I would like invite you all to join me in my travels across the continental US - Los Angeles to New York. It will take place second week of August and will last for 3 weeks (one-way). I will either sell or ship my bike back and fly back to LA. Enjoy the first blog entry! More to come soon

My blog that I created for this trip: Student of the Road

Still needs work and it will be improving throughout the weeks. Feel free to give me any advice on what you'd like to see changed re: the layout.

My first "official" post:

This is where it all began - Joshua Tree on a cold windy night staring aimlessly at the stars. My really good friend Derek and I went on a camping trip to JT back in March and had a blast quoting Jim Carrey in some of his classic movies and being on the other side of the spectrum discussing important topics throughout the night. One of those topics was "what are you going to do make this year an annus mirabilis?

Jumping back before this night, I had a strong urge and thirst to do something beyond the typical this year. Something that is frankly beyond and more than my subjective life. I work a Monday through Friday "eight to late" job and didn't want to use my vacation time for... a relaxing vacation. I wanted to go out and experience an adventure that will teach me more than what a margarita and vitamin D would on an exotic beach. Something that would alter my viewpoints, challenge me physically and mentally, and somehow make me a better person by an experience that could potentially last 2-3 weeks. That's some tough shoes to fill which is why it took me so long to figure out what I wanted to do.

Returning to that night in March when I was explaining my mindset for this year and with the help of Derek, I decided I was going to travel from Los Angeles to New York on a motorcycle. Mind you, I'm an impulsive-juggernaut decision maker. So when I plan to do something, I strive to do it well.

Being at the ripe age of 24 (recently turned 25), I began researching rigorously what this journey would encompass. And with the help of my good friend and colleague, Sam (here he is with his freshly cooked mouthwatering chicken), he made sure I took everything into account and realize the extremity of a trip like this.

So the easy stuff: I signed up for a MSF class, studied for my written test, and within a week I had my motorcycle license. Before I jump ahead and start discussing motorcycles, I want to thank Sam for all the help and information he provided me throughout my time of research. He opened my eyes to what this really entails and pushed me forward when I was having doubts. Thanks again Koala.

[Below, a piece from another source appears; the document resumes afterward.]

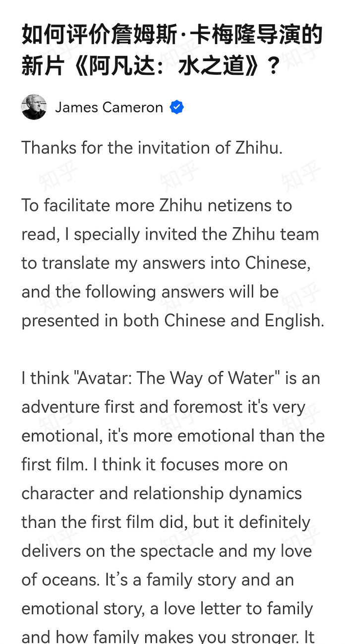 (原标题:导演卡梅隆在知乎亲自答:《阿凡达2》是一封写给家人的情书)

Running parallel to my moto class and studying, I signed up for some motorcycle forums such*as BARF and ADVrider. I made my first post on BARF which you could view New Rider, need advice on getting a bike to ride from west coast to east coast - BARF - Bay Area Riders Forum 243 replies and nearly 5,000 views. Needless to say people had strong opinions about what I was attempting to do. I read every post a few times and I couldn't thank the BARF community enough for enlightening me on the severity of this trek. There were a lot of nay-sayers for good reasons. Disregarding my 4 day trek in Bali on a motorcycle and some dirt bike experience during my adolescents, I had pretty much nothing on my repertoire. So to the one's who said no and still say no, thank you. You made me more aware of the gravity of this trip. Cheers to all of you! With the help of BARF, Sam, ADVrider, motorcycle shops, hour long phone conversations with people from these forums, I had my decision down to a few bikes:

Honda Shadow

Yamaha V-Star

Suzuki V-Strom

Kawasaki KLR650

My initial appetite craved an old school cruiser style and that stuck with me for a few weeks. I searched for cruisers aggressively and apathetically sought for KLRs and V-Stroms. Over the span of a few weeks it dawned on me that I would need something that is built for utilitarian purposes and not just aesthetic appeal. Not doubting that a cruiser wouldn't make it, but my type of riding called for a dual-sport. I concluded that a V-Strom would be my safe bet and with my last name being Storm, I knew I couldn't go wrong. And it was an amusing coincidence.

AT LAST! I had one bike to look into. I searched dauntlessly on Stroomtrooper (forum specifically for V-Stroms), Craigslist, and various other forums including the two above. It was getting to the beginning of May and I have yet to find a decent bike to embark on this trek. Well, I take that back. There were many opportunities but me being frugal hindered my choices. So I ultimately had to up my budget. I did find one decent one and was ready to pull the trigger, but ended up not working out. Everything happens for a reason!

After that, I was strolling on Craigslist one day and found a bike that was near my price range. No pictures just a quick "selling my bike in a few weeks" sort of thing. Got in touch with the guy and we scheduled a Skype video chat for 15 minutes. We ended up Skype-ing for about an hour and a half.

His name is Liam, 23 and from London (https://www.youtube.com/watch?v=P5nnhkr0cho). He hopped on a plane in London heading to Florida and was going to ride from Florida to Los Angeles on a motorcycle. SPOILER ALERT: The bike he ended up buying was going to be rightfully the one I take back to the east coast.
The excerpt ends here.